The Poof diaper is an interesting eco-friendly option that is made with renewable resources and is biodegradable under certain circumstances. However, this diaper didn't perform well in our tests for absorption with the lowest score in the group, and it scored below average for comfort. While you may be able to overlook the scratchy elastic and motion points, the main goal of a diaper is absorbing liquid and other wastes, which this diaper doesn't seem to do well and is something you can't overlook without potentially disastrous and messy consequences. This makes Poof a product we don't recommend.
Pros: Few leaks
Cons: Poor absorption, below average comfort, price
Compare to Similar Products
Our Analysis and Test Results
Poof was started by a mother of 5, Debra Lee, an award-winning designer. Debra found diaper changes frustrating due to poor features and guilt over how disposable options impact the environment. Debra used her background in textiles combined with technology and innovation to create what they call an environmentally responsible diaper that minimizes its impact on the planet. The company motto is "Better for you baby. Better for our Planet. Poof = Change."
The comparison chart shown here includes the overall scores for the disposable diapers we tested for this review. The Poof diaper came in the third from the bottom out of 23 products.
The information below provides details on what we liked and disliked about the Poof and why it had a disappointing overall score.
This diaper performed well in our tests for leaks with no leaking observed after the mock urine was applied to the diaper. In our research of online reviews from parents on Amazon, the diaper scored about average compared to the competition with few users complaining of leaking problems with this product.
This product also scored above average for health. It is free of most chemicals and additives that cause irritation to baby's skin.
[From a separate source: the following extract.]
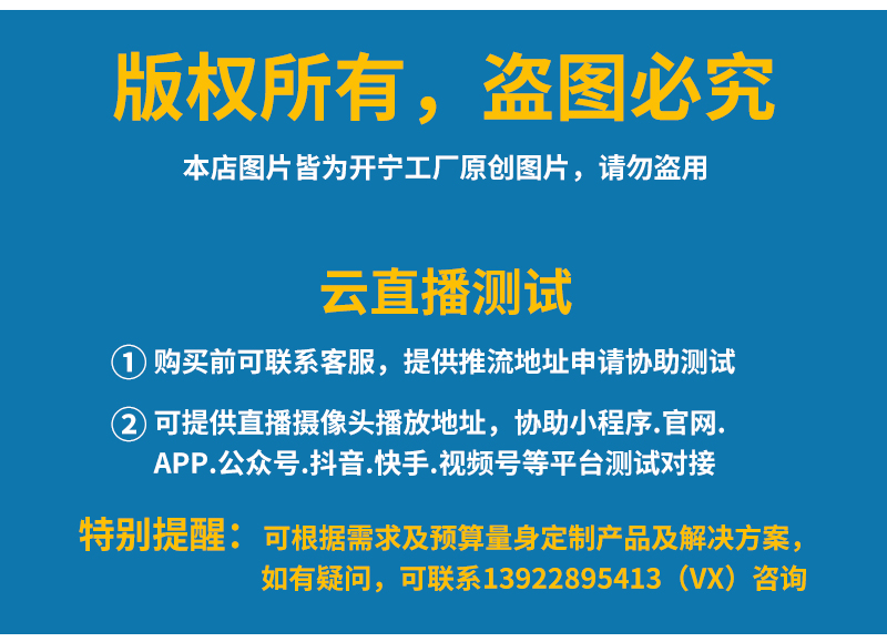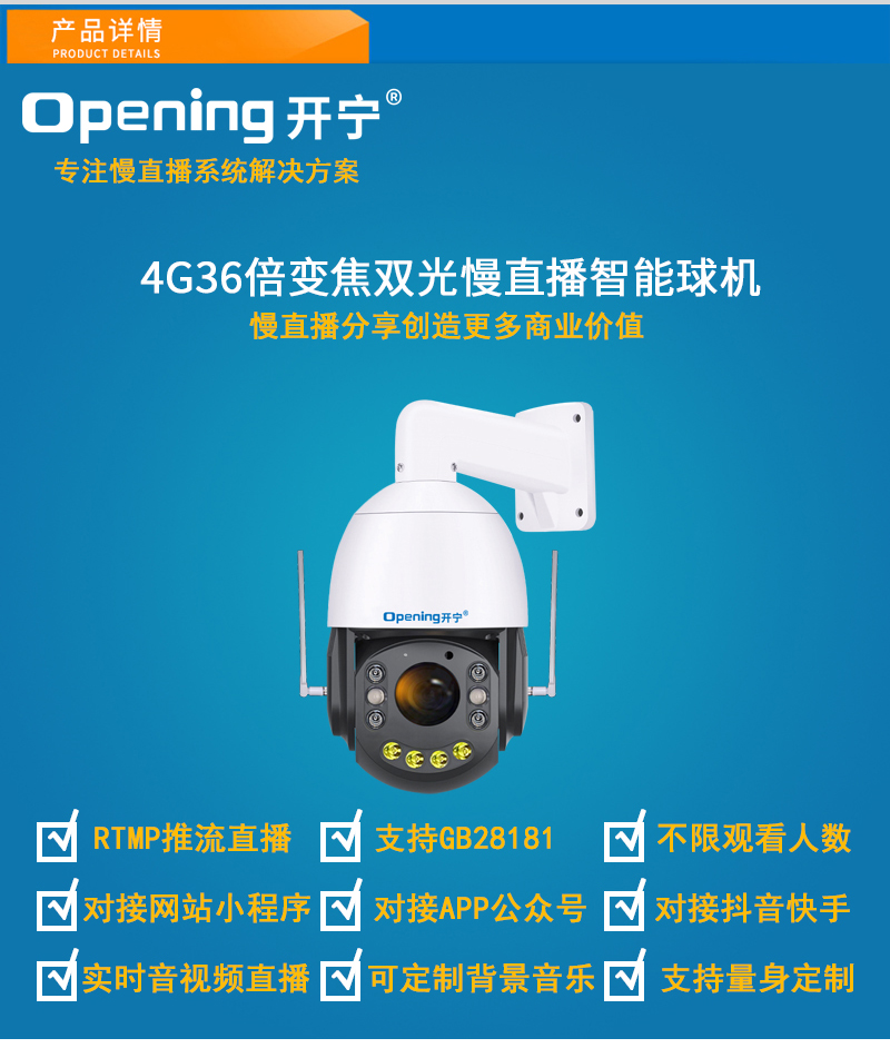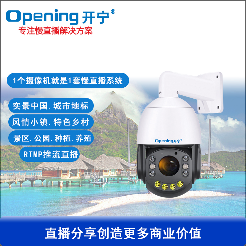 - 1、4G500萬/4K800萬4.5寸36倍雙光慢直播智能球機,一個球機就是一套慢直播系統(tǒng);支持360度旋轉(zhuǎn),36倍光學(xué)變焦,半金屬外觀,IP66防水等級; 2、內(nèi)置智能4G模塊,沒有寬帶網(wǎng)絡(luò)的地方也能實現(xiàn)實時慢直播; 3、不僅可以監(jiān)控監(jiān)管錄像,還可以實時慢直播分享創(chuàng)造更多商業(yè)價值; 4、美景中國.智慧景區(qū).城市慢直播.動物慢直播.融媒體慢直播.央視頻慢直播.戶外直播等慢直播; 5、無需下載安裝APP,簡單實用;不限觀看人數(shù),創(chuàng)造更多商業(yè)價值; 6、RTMP推流直播高清攝像頭;可生成慢直播二維碼,只需掃碼即可觀看慢直播; 7、可接入網(wǎng)站.公眾號.小程序.APP;可對接抖音.快手.視頻號.淘寶.拼多多等平臺; 8、支持GB28181協(xié)議;可接公安.食品.工地.生產(chǎn).教育.畜牧.旅游等監(jiān)管部門平臺; 9、支持4G/WiFi/有線連接,沒有寬帶網(wǎng)絡(luò)用4G流量,有寬帶網(wǎng)絡(luò)可用wifi/網(wǎng)線連接; 10、6顆高效能點陣紅外燈,4顆高效能點陣白光燈,夜視5-100米;36倍變焦高清鏡頭; 11、內(nèi)置高清保真拾音器,聲音視頻同步慢直播;DC12V供電; 12、免費提供集中管理平臺,可實現(xiàn)集中管理慢直播攝像頭,有效提高工作效率; 13、慢直播首選4K800萬高清智能球機,美景中國、實景中國慢直播好幫手! 14、水平360度無限位旋轉(zhuǎn),垂直90度;水平轉(zhuǎn)速40度/秒,垂直轉(zhuǎn)速30度/秒;支持256個預(yù)置位 8組巡航8組掃描,支持水平掃描,2點區(qū)域掃描,隨機掃描;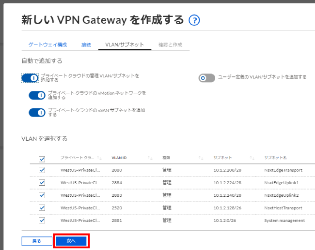オンプレミス環境からアクセスできるプライベートクラウド上の VLAN を選択します。

Poof claims it is free of perfume, chlorine, latex, lotion, and dyes (see dislikes below).
This diaper also scored above average for being eco-friendly. Depending on what is important to you, this could make the Poof a desirable option. Poof is made with non-GMO corn and renewable bamboo, as well as being designed to be biodegradable under certain circumstances. However, it is not the only option with these kinds of features and Nature Babycare has similar properties but with a higher score and lower price.
Probably the most significant dislike of the Poof is its performance in our absorption tests. This diaper has the lowest absorption score with a 1 of 10 that tied with the Aleva Naturals Bamboo Baby that had similar test results. During testing, the paper applied to the diaper after it was exposed to our mock urine came back greener, and therefore, wetter than the competition. The Poof diaper consistently had more green on the test paper than any other product we tested. This translates to a wetter surface against baby's bottom and a bigger chance of wet clothes or an inability to soak up what your baby dishes out.
We aren't big fans of misleading advertising. This diaper says dye free, but there are prints on the outside of the diaper which indicate some kind of pigment was used, making "dye free" misleading. We wish there was an agreed upon definition for some of the language manufacturers use. What is the difference between dyes, ink, and pigment? No one knows or can agree. Poof says they use a soy-based pigment, which in our opinion is not the same as "dye free". Poof does offer a partial disclosure list on ingredients but does not offer an allergy certification.
This diaper scored below average for comfort and we think some babies will dislike the way it fits or feels. While the main fabric feels soft, the elastic and motion points do not. The tabs also abrasive and not skin friendly. It isn't the most uncomfortable option we tested, but it is something to consider with a score below average.
This diaper is an interesting addition to the diaper market and offers parents a more environmentally friendly choice that has limited chemicals that make contact with baby's skin. However, the diaper didn't perform well in tests for absorption, which is the main job of a diaper. It doesn't matter how eco-friendly a product is if it doesn't do its job it isn't worth the price or hassle of ordering a special product that is hard to find.